A necessary constraint is one whose removal degrades or destroys an essential property. A contingent constraint is one whose removal changes the implementation without destroying the induced property — or one that induces no essential property at all. The distinction is R2 (essential-contingent separation) applied to the architecture itself.

If there are contingent constraints in the transformer, they are candidates for removal. Their removal simplifies the architecture, reduces the parameter count, reduces the compute requirement, and — most importantly — may remove sources of anti-constraint distortion that prevent the model from reaching |B_t| = 1 under governance.

The Essential Constraints

Attention

Attention is the mechanism by which the model relates tokens to each other across positions. At its core, attention computes a weighted sum of value vectors, where the weights are determined by the similarity between query and key vectors:

Attention(Q, K, V) = softmax(QK^T / √d) V

Is attention essential?
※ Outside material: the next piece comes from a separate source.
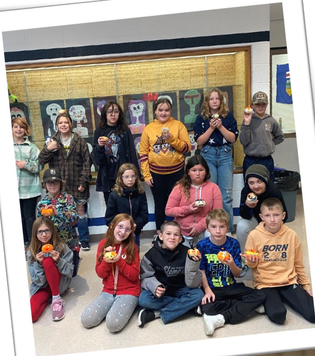
Grade 6 with their mini pumpkins

Yes. The induced property is: the model can relate any token to any other token regardless of distance. Without this property, the model cannot process long-range dependencies — a constraint stated at position 1 cannot influence generation at position 1000. Attention is the mechanism through which constraints in the context govern generation at distant positions. It is the physical substrate of B_t governance. Without it, B_t(Γ) cannot be approximated because the constraint tokens cannot influence the generation tokens.

Conclusion: Attention is a necessary constraint. It induces long-range dependency, which is essential for constraint governance.

Autoregressive Generation

The model generates tokens one at a time, left to right. Each token is conditioned on all preceding tokens. The generation is sequential.
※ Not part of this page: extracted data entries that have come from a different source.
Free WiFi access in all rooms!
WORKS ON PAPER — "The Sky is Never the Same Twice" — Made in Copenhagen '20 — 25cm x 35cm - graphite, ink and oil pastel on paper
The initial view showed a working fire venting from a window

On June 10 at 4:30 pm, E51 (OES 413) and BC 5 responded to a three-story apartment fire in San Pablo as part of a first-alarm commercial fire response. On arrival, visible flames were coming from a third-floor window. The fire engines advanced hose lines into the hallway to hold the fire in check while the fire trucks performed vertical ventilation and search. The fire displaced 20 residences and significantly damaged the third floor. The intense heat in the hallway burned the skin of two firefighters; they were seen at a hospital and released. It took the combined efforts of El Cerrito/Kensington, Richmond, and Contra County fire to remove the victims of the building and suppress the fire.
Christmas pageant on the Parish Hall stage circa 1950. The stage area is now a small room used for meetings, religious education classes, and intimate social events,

Is autoregressive generation essential? For the property of coherent sequential text — yes. The autoregressive structure ensures that each token is constrained by its predecessors. The B_t framework depends on this: B_t is defined at each position given the tokens already emitted. Without autoregressive generation, there is no sequential narrowing — no progressive constraint satisfaction across positions.

Alternative architectures (diffusion over text, parallel generation with iterative refinement) produce text without strict left-to-right sequencing. These may induce coherence through different mechanisms, but they would require a different formal account of B_t — one defined over iterative refinement steps rather than sequential positions.
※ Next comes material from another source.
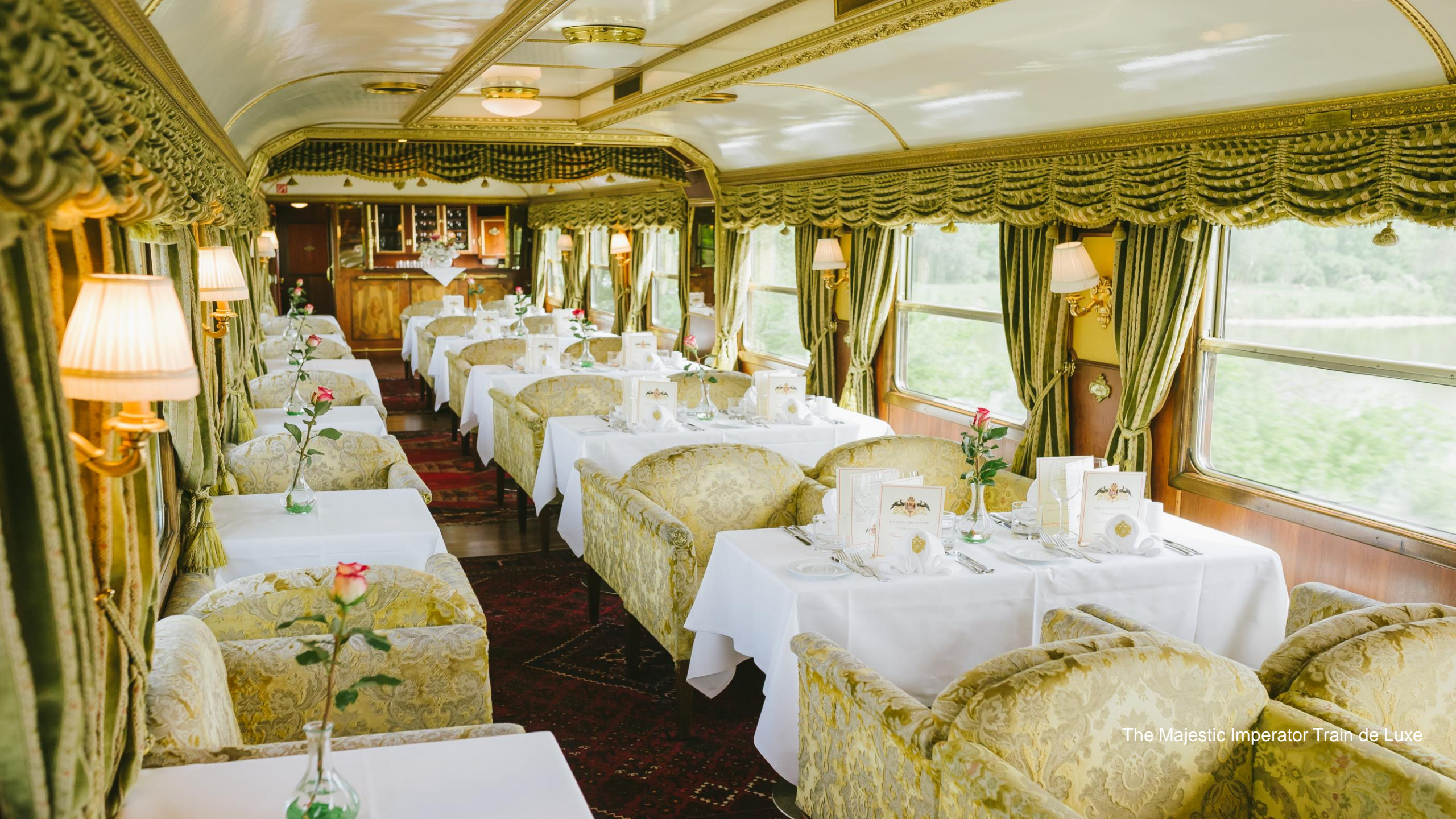
The Majestic Imperator Train de Luxe

Conclusion: Autoregressive generation is necessary for sequential B_t governance. Alternative generation strategies may be viable but require a different formal framework.

The Vocabulary

The model operates over a fixed vocabulary V — a finite set of tokens (subwords, characters, or bytes) into which all text is encoded. The vocabulary is determined before training and is fixed thereafter.

Is a fixed vocabulary essential? The essential property is: the model must produce discrete symbols from a finite set. Without discreteness, the model's output is a continuous vector, not text. Without finiteness, B_t is undefined (the branching set is infinite). The fixed vocabulary induces both properties.

But the specific vocabulary — the particular tokenization scheme, the particular subword splits — is contingent. BPE (Byte Pair Encoding), SentencePiece, character-level, byte-level — each produces a different V with different properties. The choice of tokenization affects the model's behavior in subtle ways: which concepts are atomic (single tokens) vs. composite (multiple tokens), how mathematical notation is encoded, how code is segmented. These effects are contingent on the tokenization choice, not on the essential constraint (discrete finite output).

Conclusion: A discrete finite vocabulary is essential. The specific tokenization scheme is contingent.

The Contingent Constraints

Softmax Attention

The standard attention mechanism uses softmax to normalize the attention weights:

α_ij = exp(q_i · k_j / √d) / Σ_l exp(q_i · k_l / √d)

Softmax ensures that attention weights sum to 1 — each position distributes exactly one unit of attention across all other positions. This is a normalization choice, not a logical necessity.

Why it is contingent: The essential property of attention is long-range dependency — tokens can influence each other across distance. Softmax is one way to compute the influence weights. Other normalizations — ReLU attention, linear attention, sigmoid attention — also compute influence weights without the softmax constraint.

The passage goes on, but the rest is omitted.